Required action:
Leave out the pictures, then return the records word for word.

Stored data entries
* * *

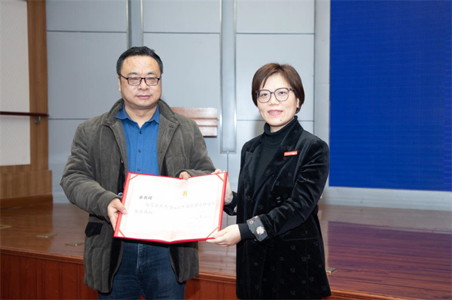 張欣為蒞校專家頒發(fā)客座教授聘書。
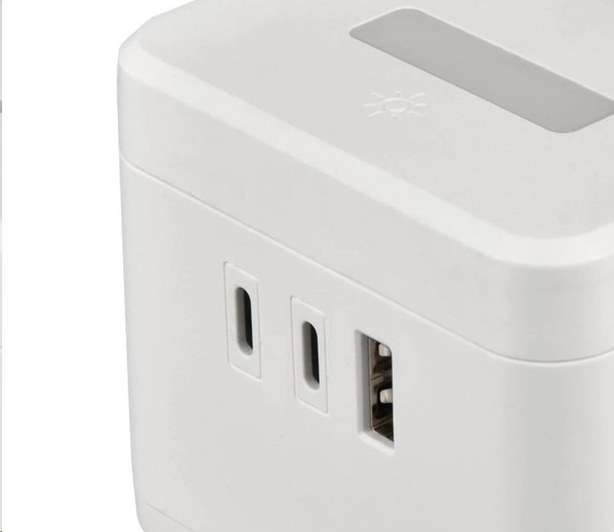 Viking síťový adaptér YC23H, 2x 230 V, 1x USB-A, 2x USB-C, dotykové světlo, funkce stojánku, bílá
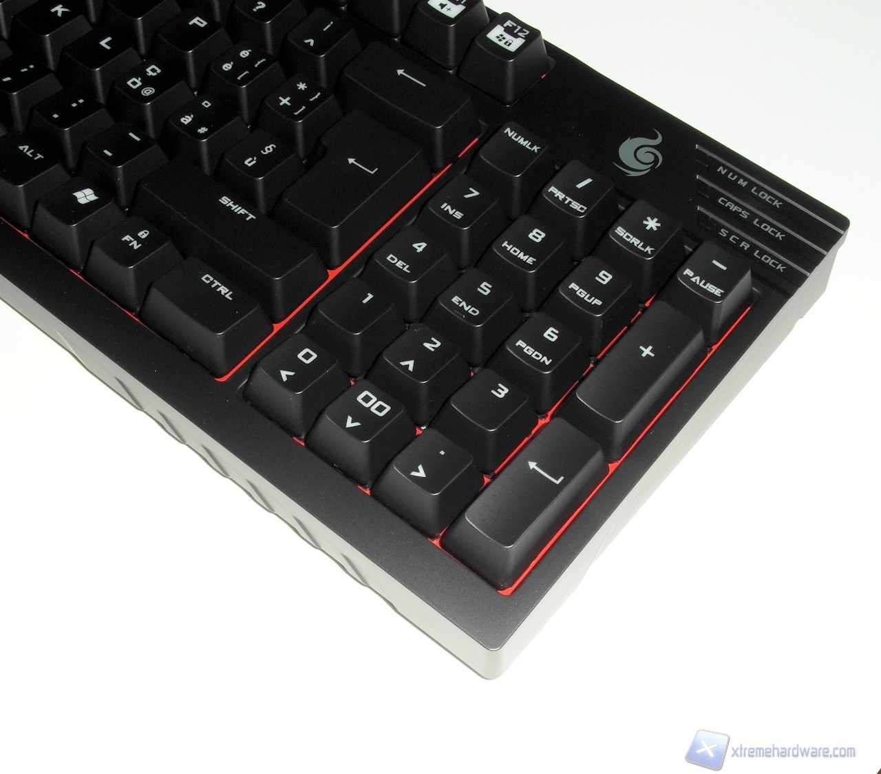 Lo switch funzionale tra i due blocchi logici è reso possibile dal solito tasto NUMLK (o Bloc Num su altre tastiere) che ci permette di attivare o disattivare il tastierino numerico. La retroilluminazione dei tasti direzionali dipende dalla loro attivazione.
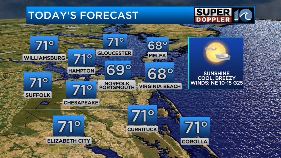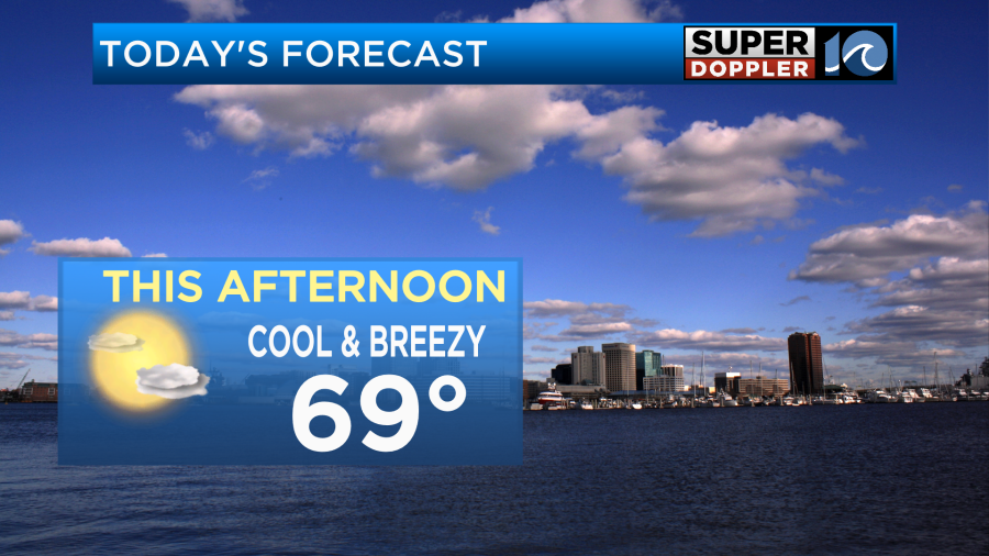 With this dome of high pressure we will have partly cloudy to mostly sunny skies today. Despite this increase in sun, northeast winds will keep highs below normal by about 5-10 degrees. Coastal areas will be in the upper 60s while inland communities reach around 70 degrees.
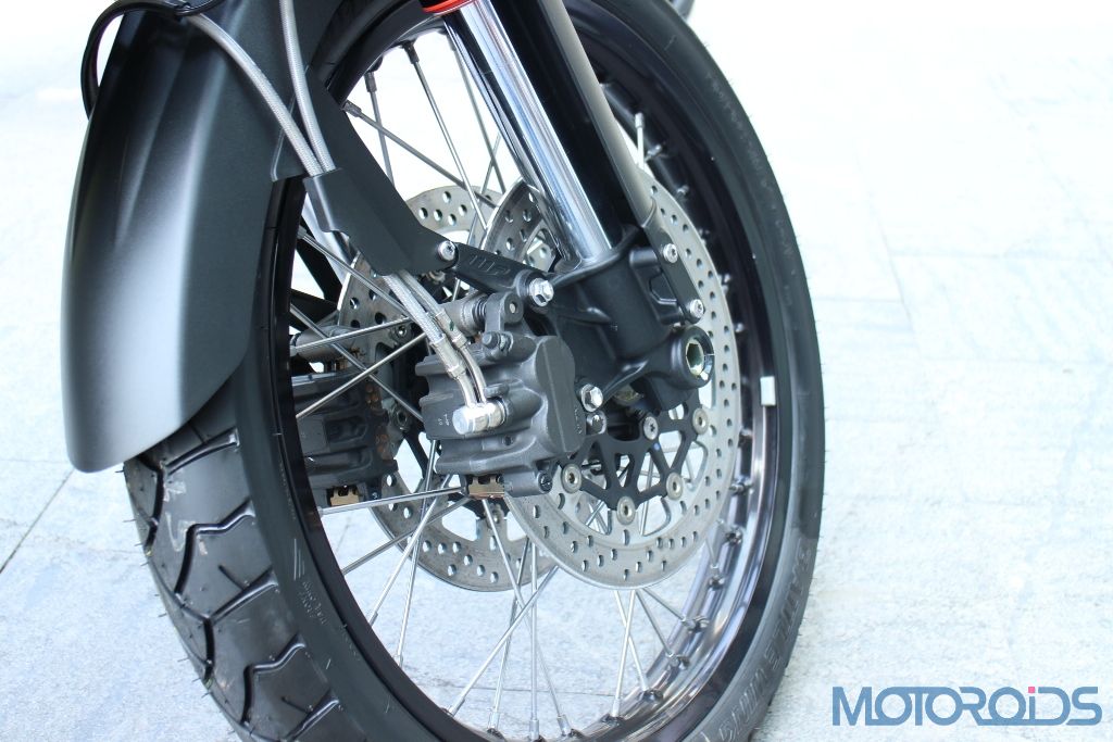 The Triumph Tiger XCx receives 21-inch spoked wheels and better ground clearance that gives it good off-road riding capabilities.

* * *

Completed task:
 張欣為蒞校專家頒發(fā)客座教授聘書。
 Viking síťový adaptér YC23H, 2x 230 V, 1x USB-A, 2x USB-C, dotykové světlo, funkce stojánku, bílá
 Lo switch funzionale tra i due blocchi logici è reso possibile dal solito tasto NUMLK (o Bloc Num su altre tastiere) che ci permette di attivare o disattivare il tastierino numerico. La retroilluminazione dei tasti direzionali dipende dalla loro attivazione.
 With this dome of high pressure we will have partly cloudy to mostly sunny skies today. Despite this increase in sun, northeast winds will keep highs below normal by about 5-10 degrees. Coastal areas will be in the upper 60s while inland communities reach around 70 degrees.
 The Triumph Tiger XCx receives 21-inch spoked wheels and better ground clearance that gives it good off-road riding capabilities.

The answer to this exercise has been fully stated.